# Requirement
The line containing "5月11日,由yl7703永" marks the end; return exactly every line from the start of the records up to and including it, but no pictures.

# Source material
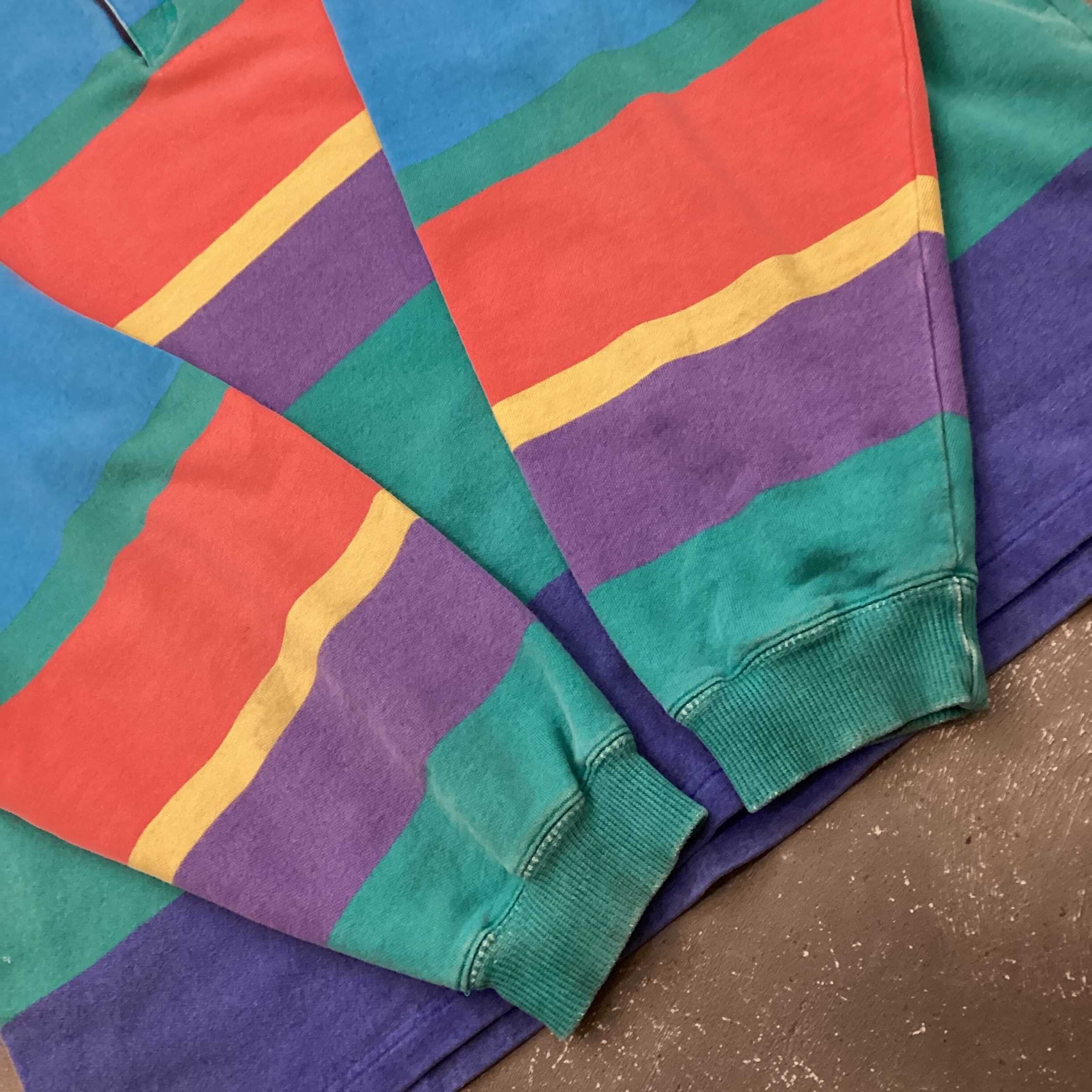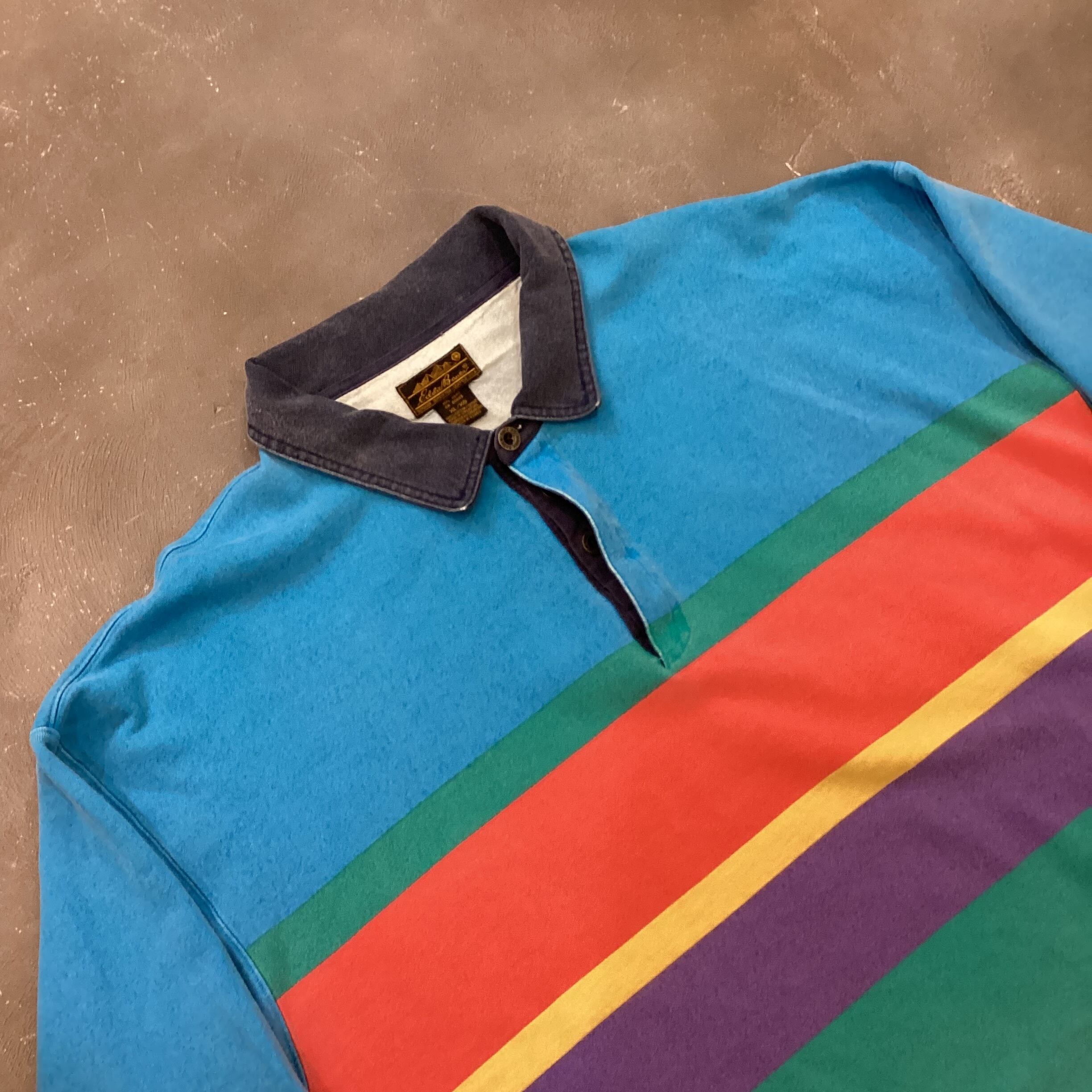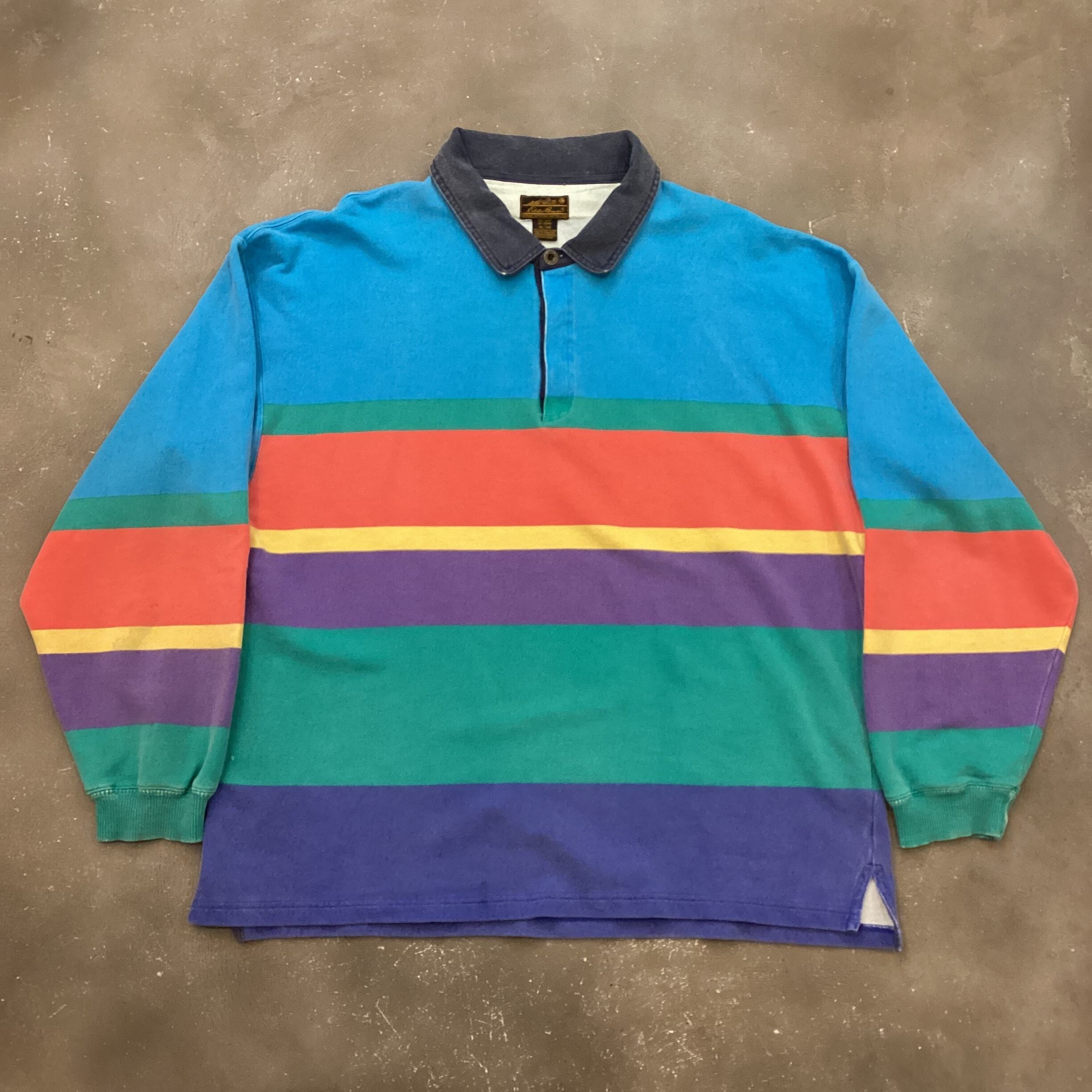 これも良いエディーバウアーですね。黒金タグ、太めのマルチボーダー、比翼式のポロタイプ、スウェットとカットソーの間のような生地感。最後にサイズXLと、何もいうことないですね。1枚でスラックスなんかとサラッと合わせてください。お好きな方是非。
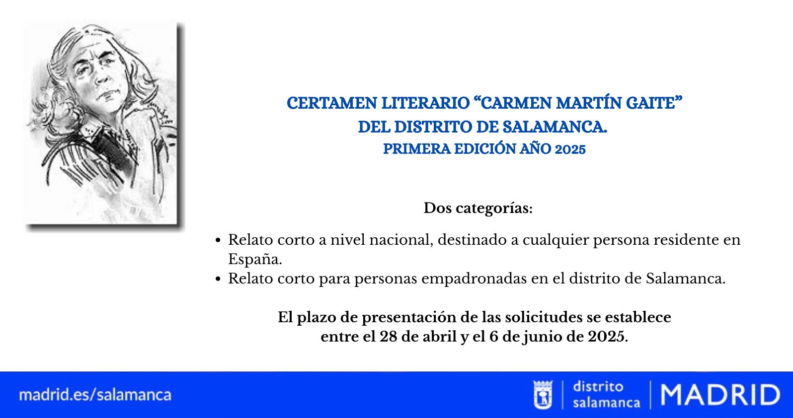 El distrito de Salamanca abre el plazo para inscribirse en el I Certamen Literario Carmen Martín Gaite para obras inéditas en la modalidad de relato corto. Hasta el 6 de junio, los interesados pueden presentar su solicitud a través de la Sede Electrónica del Ayuntamiento de Madrid o de manera presencial en cualquiera de las oficinas de registro del Ayuntamiento de Madrid.
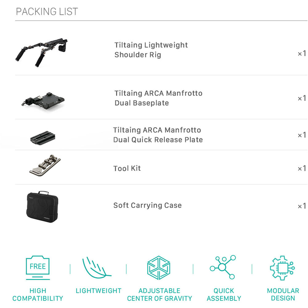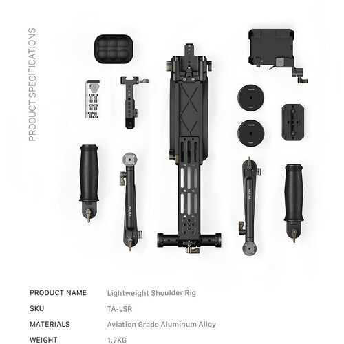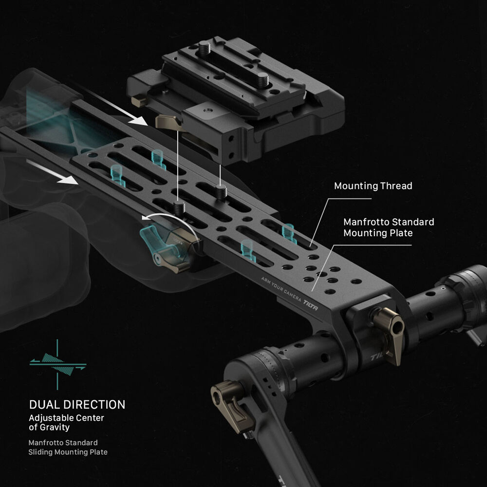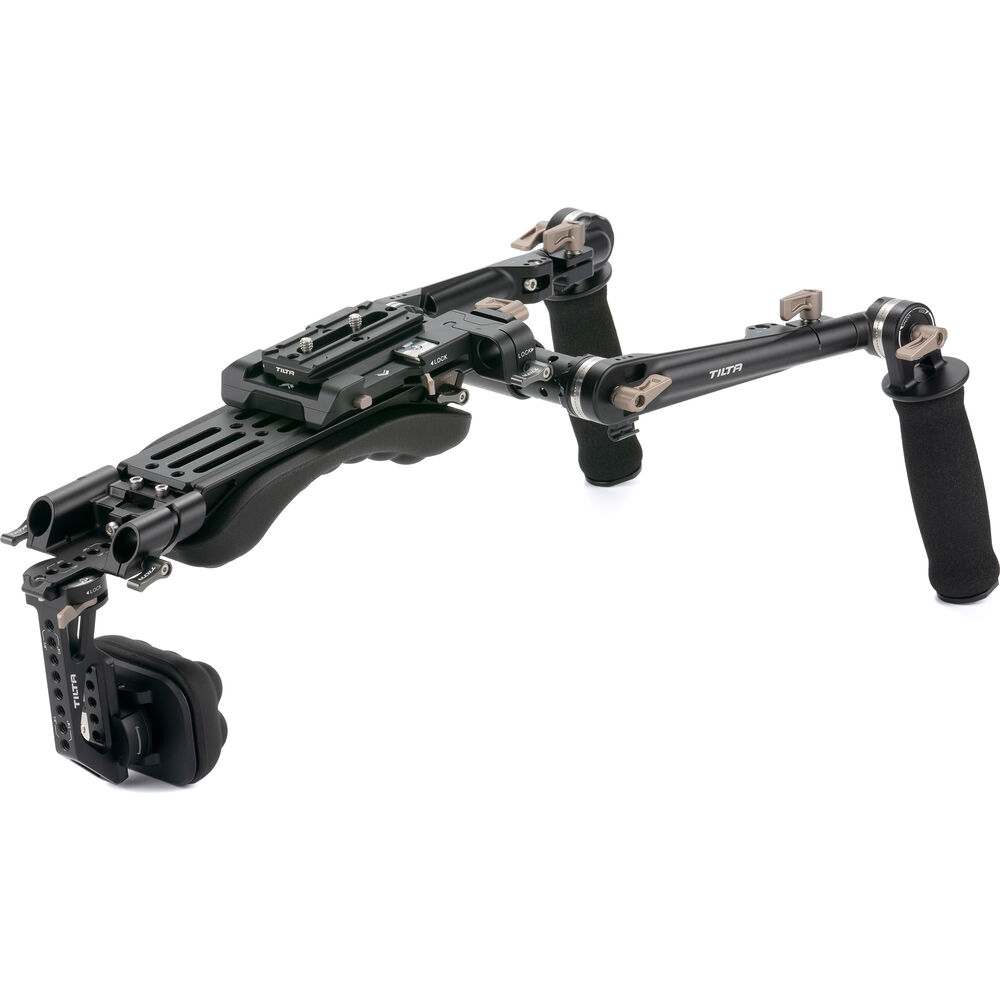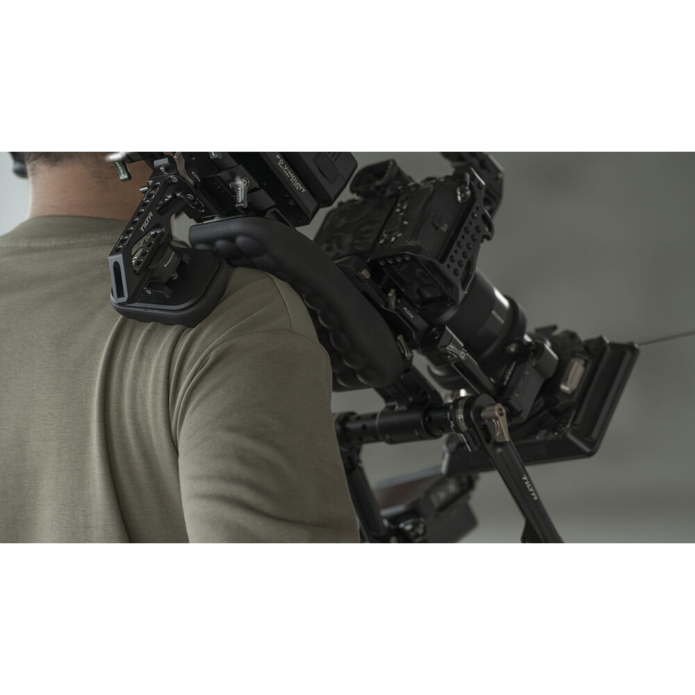 Shoot handheld, shoulder-mounted footage with your compact cinema camera or DSLR using this black Lightweight Shoulder Rig from Tilta. The shoulder rig includes all of the accessories you need to assemble a fully functional camera mount with customizable features. The entire system features dual Manfrotto and Arca-type plate compatibility for a wide range of supported recording devices.
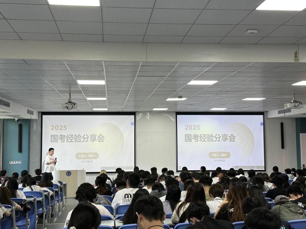 5月11日,由yl7703永利集团主办的“考公上岸经验分享会”在鸿博楼J3举行。本次讲座特邀2025年国家公务员考试高分上岸的岳崇一担任主讲人,吸引了近300名学生到场聆听,现场座无虚席,气氛热烈。
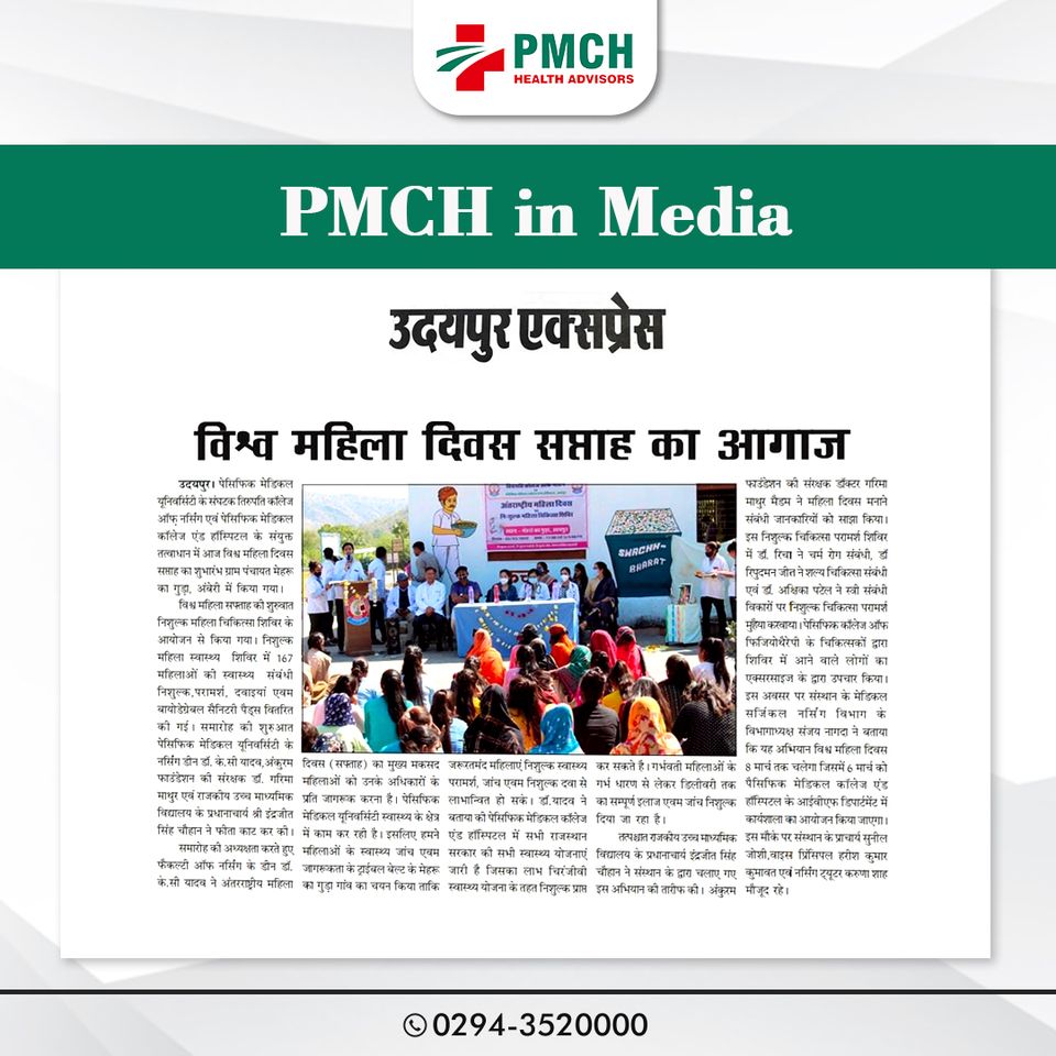 उदयपुर,6 मार्च। पेसिफिक मेडिकल यूनिवर्सिटी के संघटक तिरुपति कॉलेज ऑफ नर्सिंग एवं पेसिफिक मेडिकल कॉलेज एंड हॉस्पिटल के संयुक्त तत्वाधान में ग्राम पंचायत मेहरों का गुड़ा, अंबेरी में आज विश्व महिला दिवस सप्ताह का शुभारंभ किया गया। इस अवसर पर निशुल्क महिला चिकित्सा शिविर का आयोजन किया गया। इस दौरान 167 महिलाओं को निशुल्क,परामर्श, दवाइयां एवं बायोडेग्रेबल सैनिटरी पैड्स वितरित किए गए। कार्यक्रम की शुरुआत नर्सिंग काॅलेज के डीन डॉ. के.सी यादव,अंकुरम फाउंडेशन की संरक्षक डॉ. गरिमा माथुर एवं राजकीय उच्च माध्यमिक विद्यालय के प्रधानाचार्य इंद्रजीत सिंह चैहान ने फीता काट कर किया। इस अवसर पर डॉ. के.सी यादव ने बताया कि अंतरराष्ट्रीय महिला दिवस (सफ्ताह) का मुख्य मकसद महिलाओं को उनके अधिकारों के प्रति जागरूक करना है। क्योंकि महिला की भागीदारी के बिना परिवार और समाज का समग्र विकास संभव नही है। महिला परिवार के सभी सदस्यों के स्वास्थ्य का ख्याल रखती है। डॉ.यादव ने स्पश्ट किया पेसिफिक मेडिकल कॉलेज एंड हॉस्पिटल में सभी राजस्थान सरकार की सभी स्वास्थ्य योजनाएं जारी है जिसका लाभ चिरंजीवी स्वास्थ्य योजना के तहत निशुल्क प्राप्त कर सकते है। साथ ही गर्भवती महिलाओं के गर्भ धारण से लेकर डिलीवरी तक का सम्पूर्ण इलाज एवम जांच निशुल्क दिया जा रहा है। ठस दौरान राजकीय उच्च माध्यमिक विद्यालय के प्रधानाचार्य इंद्रजीत सिंह चैहान ने संस्थान के द्वारा चलाए गए इस अभियान की तारीफ करते हुए कहा कि संस्थान ने ऐसे विषय को चुना जिससे परिवार,परिवार से समाज, समाज से राज्य एवं राज्य से पूरे राष्ट्र को मजबूत किया जा सकता है.। इससे समाज के अंदर एक नई जागृति आएगी एवं महिला स्वास्थ्य के प्रति के सभी का रवैया बदलेगा, महिलाओं के पोषण संबंधी जानकारियों के लिए उन्होंने पेसिफिक मेडिकल यूनिवर्सिटी का धन्यवाद प्रेषित किया। अंकुरम फाउंडेशन की संरक्षक डॉक्टर गरिमा माथुर ने महिला दिवस मनाने संबंधी जानकारियों को साझा किया एवं कहा कि नारी और प्रकृति कभी भी अलग नहीं थे जैसे प्रकृति हमें जीवन देती है वैसे ही नारी हमें जीवन प्रदान करती है एवं सभी महिलाओं के यह सौभाग्य प्राप्त है कि वह मां बन सकती है। इस मौके पर संस्थान के प्राचार्य सुनील जोशी,वाइस प्रिंसिपल हरीश कुमार कुमावत एवं नर्सिंग ट्यूटर करुणा शाह मौजूद रहे।
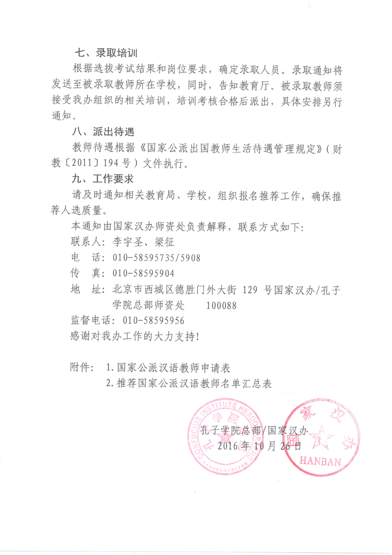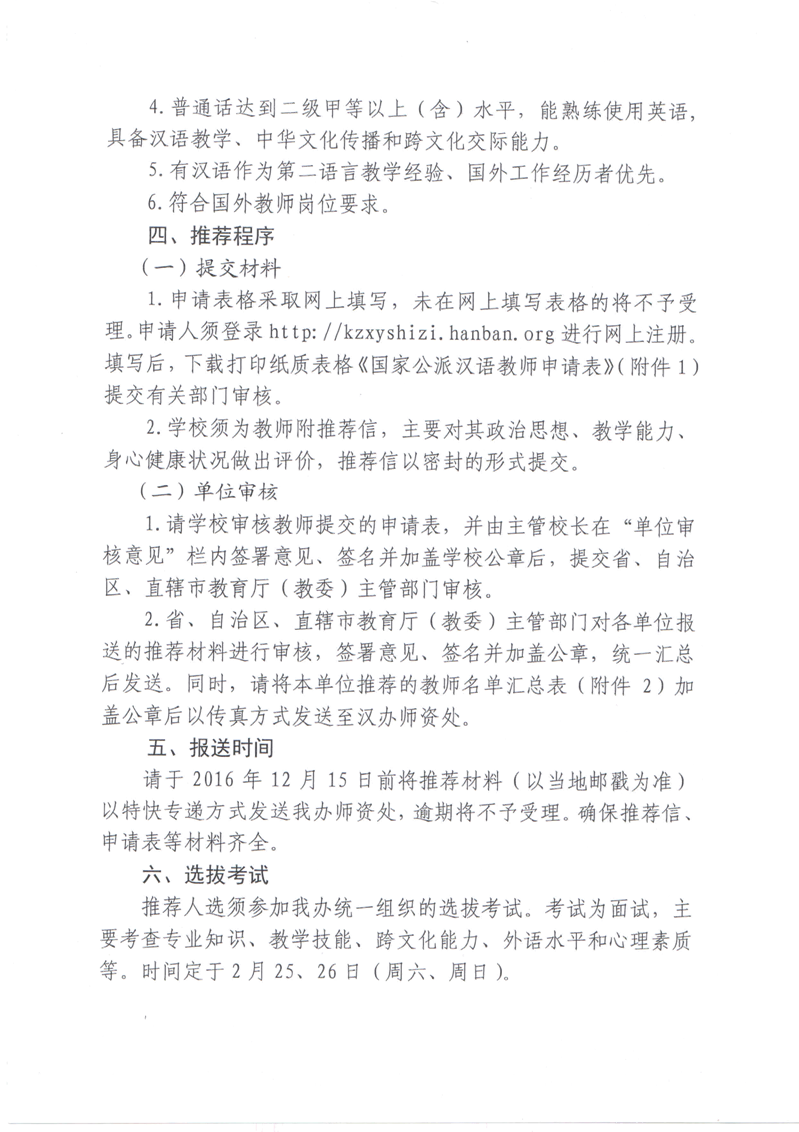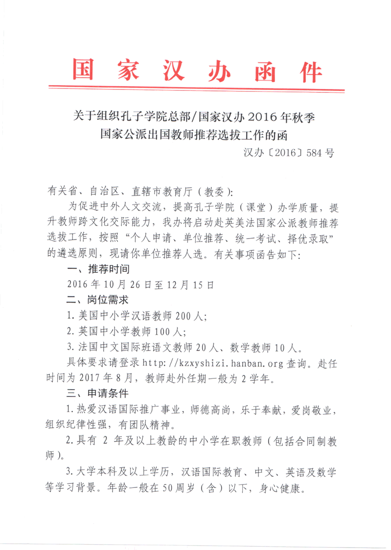 关于组织孔子学院总部/国家汉办2016年秋季国家公派出国教师推荐选拔工作通知

# Task result
 これも良いエディーバウアーですね。黒金タグ、太めのマルチボーダー、比翼式のポロタイプ、スウェットとカットソーの間のような生地感。最後にサイズXLと、何もいうことないですね。1枚でスラックスなんかとサラッと合わせてください。お好きな方是非。
 El distrito de Salamanca abre el plazo para inscribirse en el I Certamen Literario Carmen Martín Gaite para obras inéditas en la modalidad de relato corto. Hasta el 6 de junio, los interesados pueden presentar su solicitud a través de la Sede Electrónica del Ayuntamiento de Madrid o de manera presencial en cualquiera de las oficinas de registro del Ayuntamiento de Madrid.
 Shoot handheld, shoulder-mounted footage with your compact cinema camera or DSLR using this black Lightweight Shoulder Rig from Tilta. The shoulder rig includes all of the accessories you need to assemble a fully functional camera mount with customizable features. The entire system features dual Manfrotto and Arca-type plate compatibility for a wide range of supported recording devices.
 5月11日,由yl7703永利集团主办的“考公上岸经验分享会”在鸿博楼J3举行。本次讲座特邀2025年国家公务员考试高分上岸的岳崇一担任主讲人,吸引了近300名学生到场聆听,现场座无虚席,气氛热烈。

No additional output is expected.